Increasingly we are seeing the need for retailers to adapt and transform to accommodate changes in the market. As the battle against online shopping continues, retailers must maximise where they have the upper hand: creating a memorable experience. There are numerous methods in enhancing the experience and popular culture has become a key aspect.
Using popular culture through interactive displays, commercialisation units and engaging artwork is retail’s bite back at e-commerce, it’s an experience which can’t be reflected online to the same level.
The Glades shopping centre launched an interactive music wall to celebrate Bowie’s links to Bromley – a fantastic initiative to engage with the local demographic as well encouraging Bowie fans to visit from across the country. Using popular culture is another way to pull consumers to the centre to meet friends and build a community hub.
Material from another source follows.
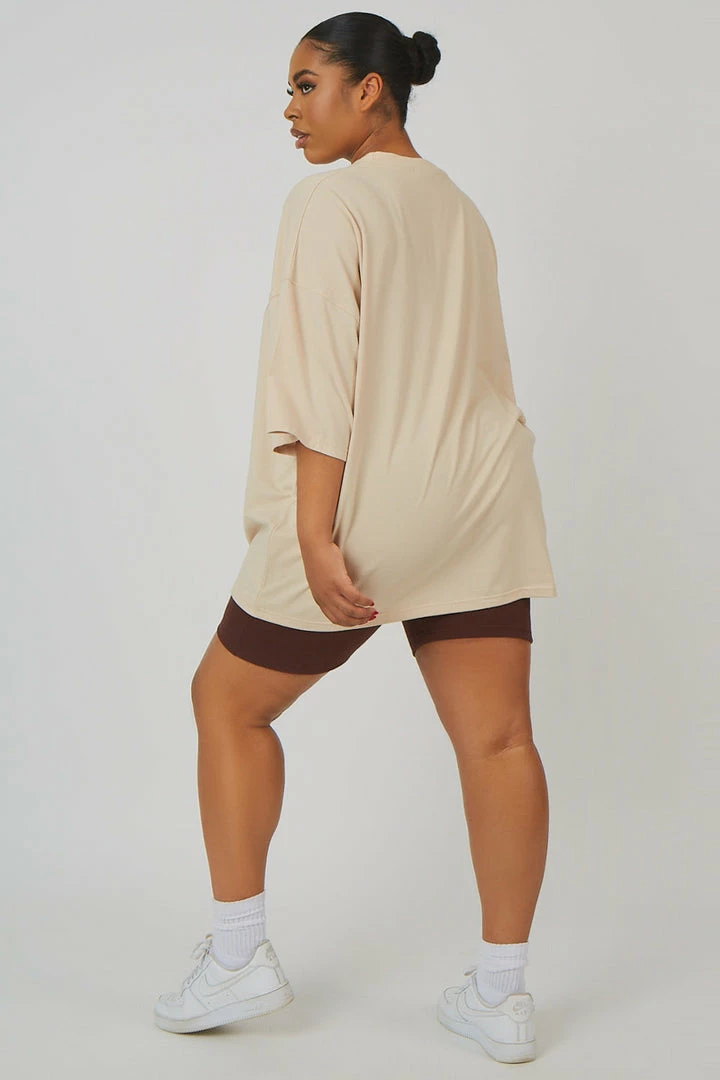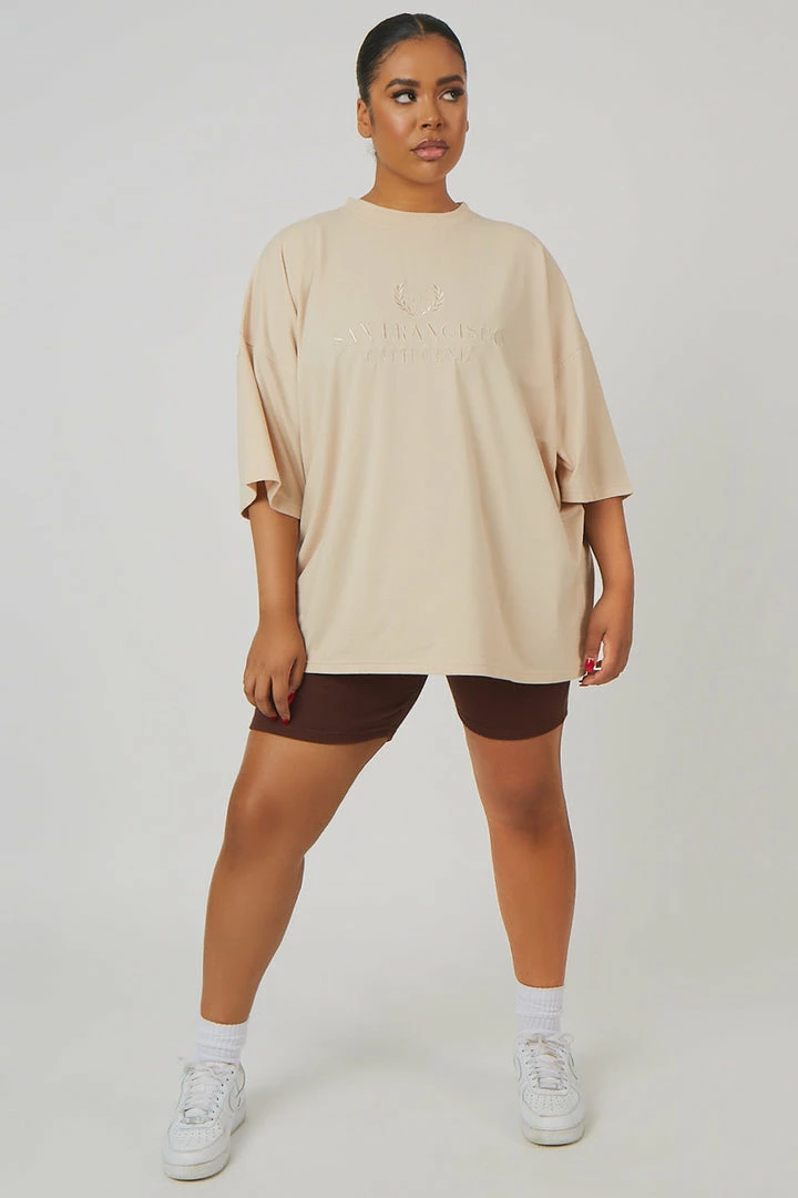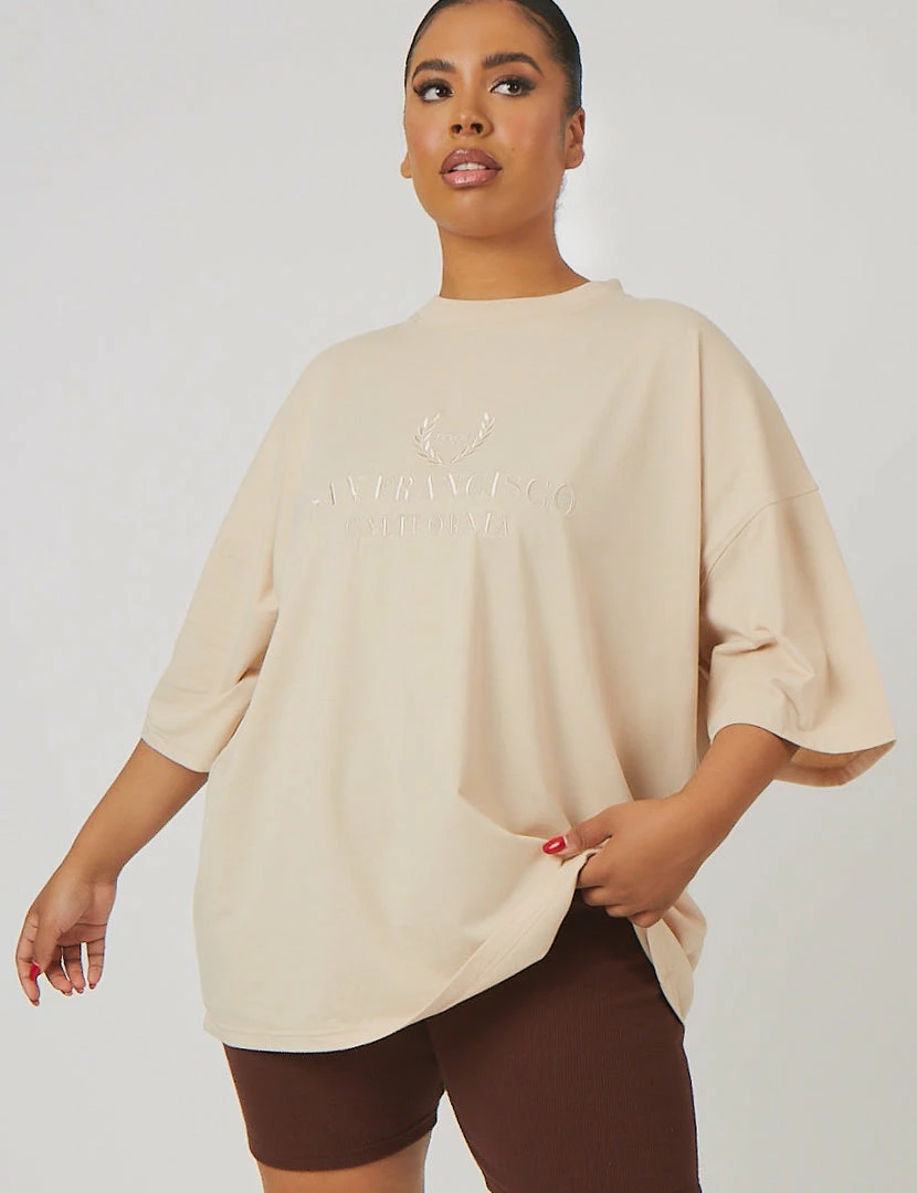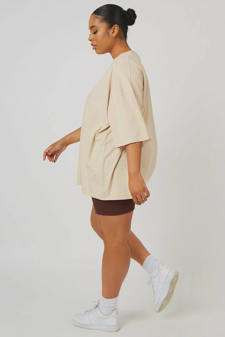 An oversized fit t-shirt in stone with tonal embroidery and short sleeves.

Another example is the Tucker’s Newsagent & Games, Bandersnatch themed pop-up game store following the massive response to the programme on Netflix. The store was positioned in Birmingham’s Grand Central and gained a considerable amount of interest from centre visitors as well as attracting new footfall through fans.
Along with the short-term leases gained, the magic of using popular culture is the marketing impact it has for shopping centres. The novelty quickly spreading through social media can have a massive impact on the shopping centres brand awareness, increase the brands social media following and in-turn, significantly increase footfall.
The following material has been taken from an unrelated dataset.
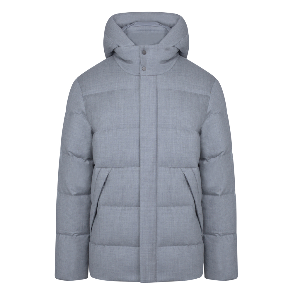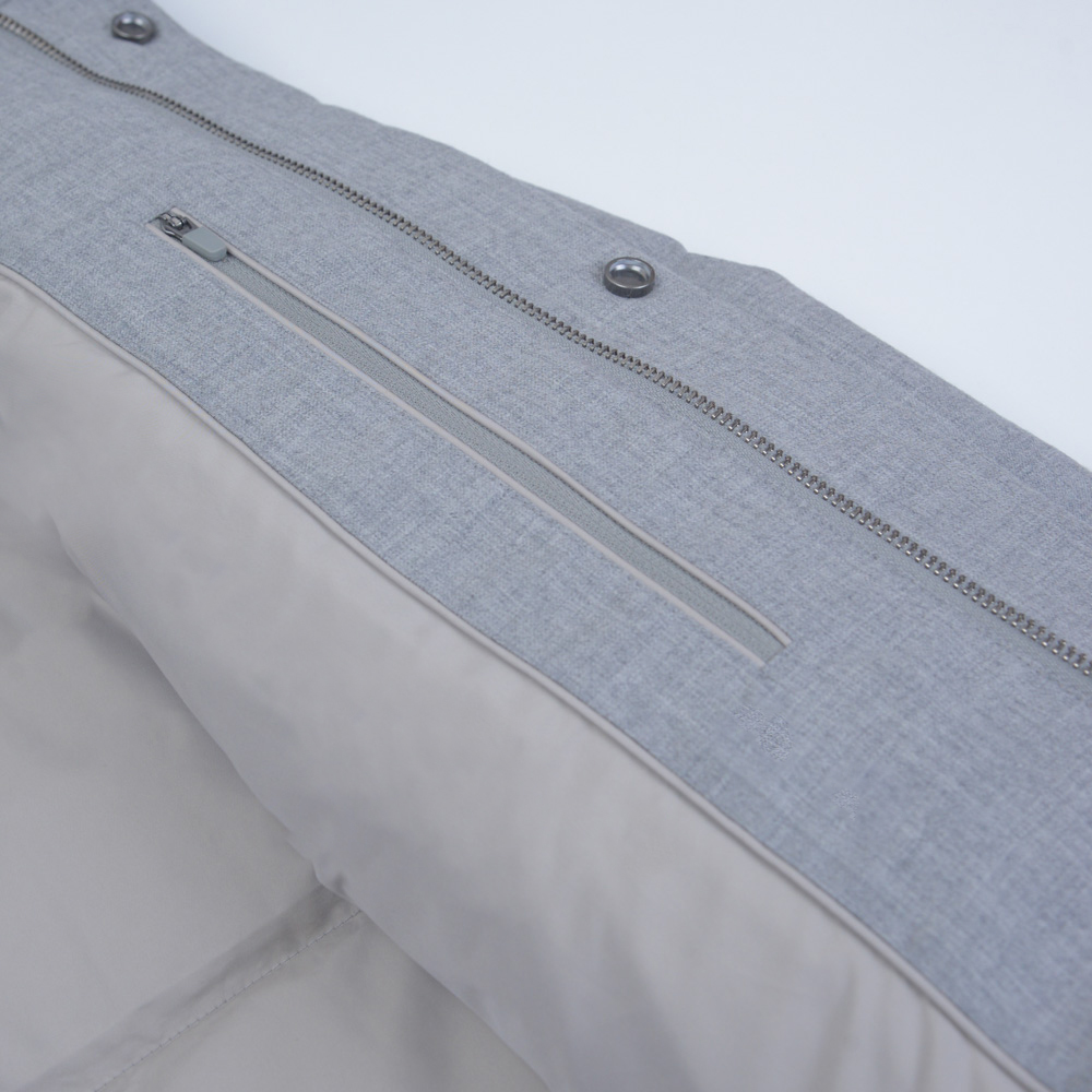 Αναβαθμίστε το χειμερινό σας στιλ με το καπιτονέ μπουφάν, κατασκευασμένο από 100% καθαρό μαλλί και γεμισμένο με υψηλής ποιότητας πούπουλο για κορυφαία θερμομόνωση και άνεση. Με όρθιο γιακά και αποσπώμενη κουκούλα με κρυφό φερμουάρ στο επάνω μέρος του γιακά, εξασφαλίζει ευελιξία και προστασία σε κάθε καιρική συνθήκη.
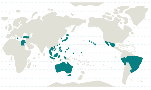 グアム、北マリアナ諸島(サイパン)、オーストラリア、パラオ、マーシャル諸島、ミクロネシア連邦

Having an exclusive offering for a limited time encourages people to photograph and share with friends and family – especially with the current (and growing) hype around social media, with users constantly sharing their personal activities – often live – with their followers.
Whether it’s commercialisation space, a pop-up shop or simply a wall of artwork, anything that is eye-catching and ‘photo worthy’ will become ‘shareable’ or ‘instagramable’ – encouraging visitors to stop and interact with the concept, increasing dwell time, driving footfall and raising awareness of the scheme.
Popular culture brings people together and creates talking point, it’s a fantastic placemaking strategy. This isn’t something that’s necessarily new – it’s been used in product marketing for a long time, with the rise of shows like Love Island increasing sales of slogan tees and the ‘tongue and lip’ Rolling Stones symbol being one of the most iconic T-Shirt designs of all time.
Popular culture is just one aspect of the increasing ways in which shopping centres and retail is changing, and is a perfect representation of how shopping centres will always be able to offer something different to online shopping. Popular culture is an excellent marketing and placemaking strategy, a perfect way to pull people together and make shopping a memorable experience that individuals want to share and enjoy with others.